Двое в океане
Шрифт:
К утру стало ясно, что по крайней мере в трех из наиболее незащищенных разделах работы допущены очевидные натяжки, поспешность в выводах, математическая фантазия, а не математический анализ. Рачков оказался прав. Новичок утер нос метру. Что ж, последняя точка еще не поставлена. А это значит, что без дела Смолин не останется. Тоже благо! И еще один вывод: не пора ли тебе, доктор Смолин, немного смирить гордыню?

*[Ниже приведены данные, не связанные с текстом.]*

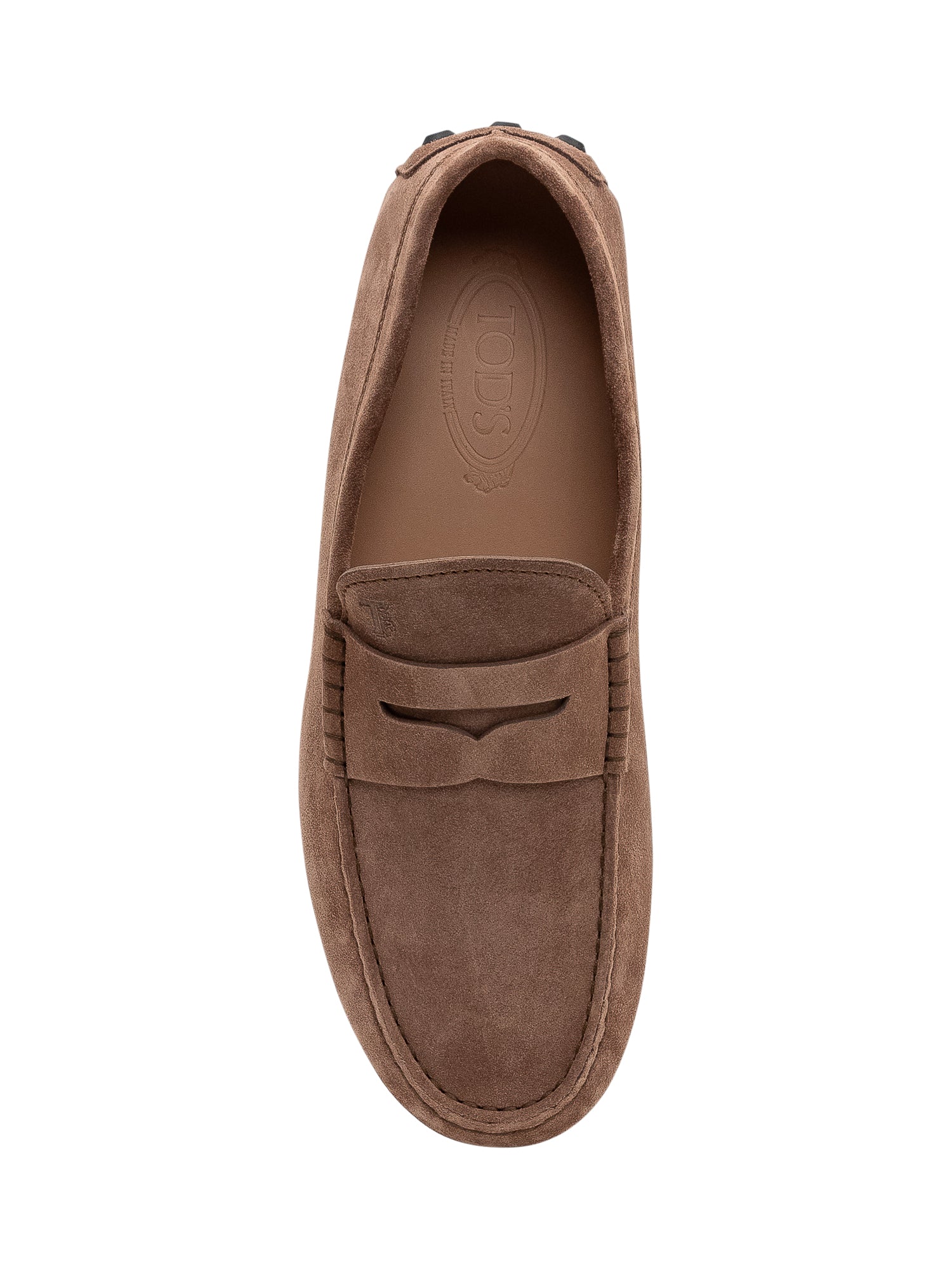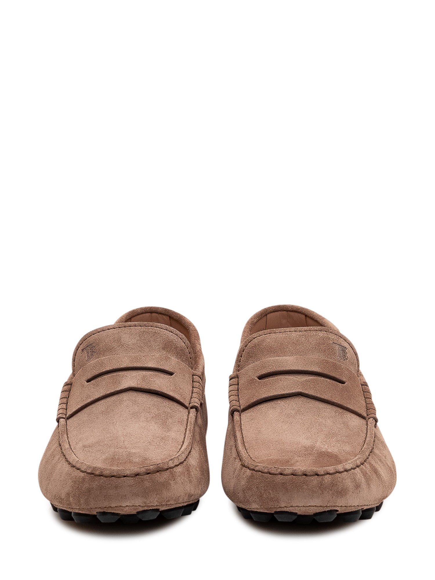 Suede loafer featuring a front penny strap and visible stitching.Reference size: US
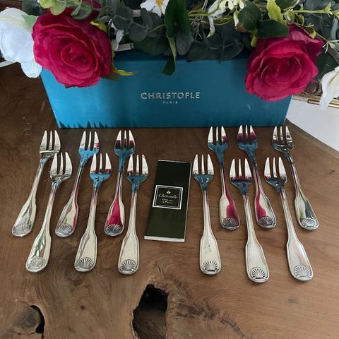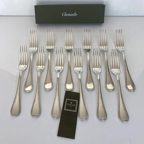 Christofle - Gaffel - Sæt med 12 middagsgafler model Spatour. - Forsølvet
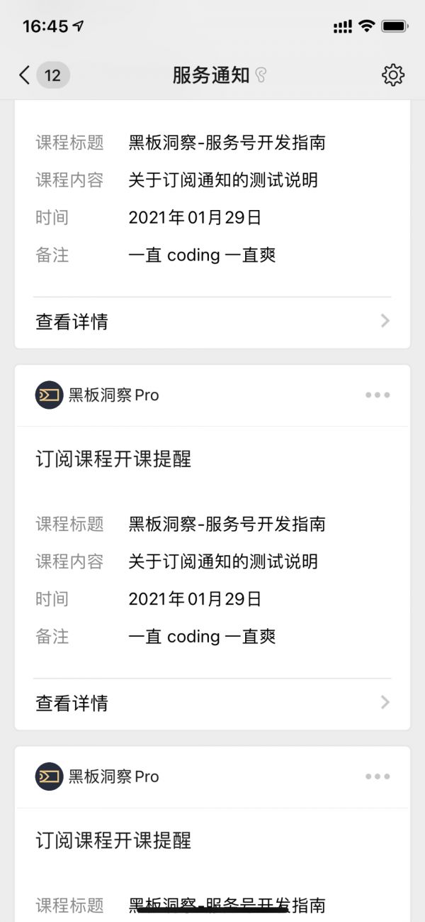 前面讨论的都是用户端的内容,对于企业或者商家自身的业务流程来说,受到的影响可能更大。比如,学员付费后,班主任会收到报名成功通知;教务排课后,老师收到排期提醒等等,这些接收方无法及时主动授权的场景,实现起来就变的非常艰难。目前可行的方案是,这部分通知迁移到企业微信的自建应用里,总感觉微信是故意的,为企业微信在下很大一盘棋(误)。
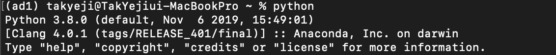 ad1 가상환경이 생성되었지만 아직 활성화되지 않아 base에 *표시가 있습니다.
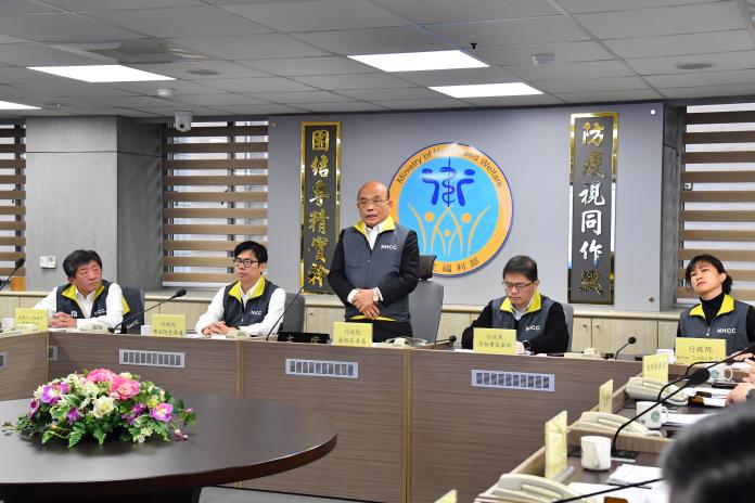 為因應武漢肺炎疫情,行政院長蘇貞昌29日視察中央流行疫情指揮中心,他訓示全體官員「我要人給人、要錢給錢;若未陳報,以致產生破口,絕對嚴辦」!

После завтрака, зайдя к Золотцеву, он застал начальника экспедиции за странным занятием. Тот сидел за письменным столом и через лупу рассматривал донышко пузатой зеленого цвета бутылки.
— Вот выклянчил у Мамедова, — объяснил он Смолину. — Драгой на дне зацепили. Антропогенная реликвия! Все пытаюсь определить возраст. Но наверняка не меньше пяти столетий, судя по форме. Некто
— Собираете пустые бутылки? — мрачно поинтересовался Смолин. После бессонной ночи голова была тяжелой, он сейчас не был склонен к болтовне о пустяках.
Золотцев это почувствовал, отодвинул бутылку в сторону, подпер подбородок ладонью, словно готовился к долгой, неторопливой и серьезной беседе, — со Смолиным всегда надо всерьез!
— Слушаю вас.
— Я передумал. Завтра готов быть ответственным за работы на полигоне.
Золотцев озадаченно провел пальцами по глянцевитому выскобленному бритвой подбородку, глаза за стеклами очков пытливо сощурились.
— Значит, поработаем вместе? Я искренне рад. Видите ли, Константин Юрьевич, ненужных станций в океане не бывает. Даже в самых известных местах всегда можно ждать самое неожиданное. Уж поверьте мне, старому моряку. Это же океан! — Он показал рукой на бутылку. — Тоже неожиданность! Сувенир прошлого! И какой!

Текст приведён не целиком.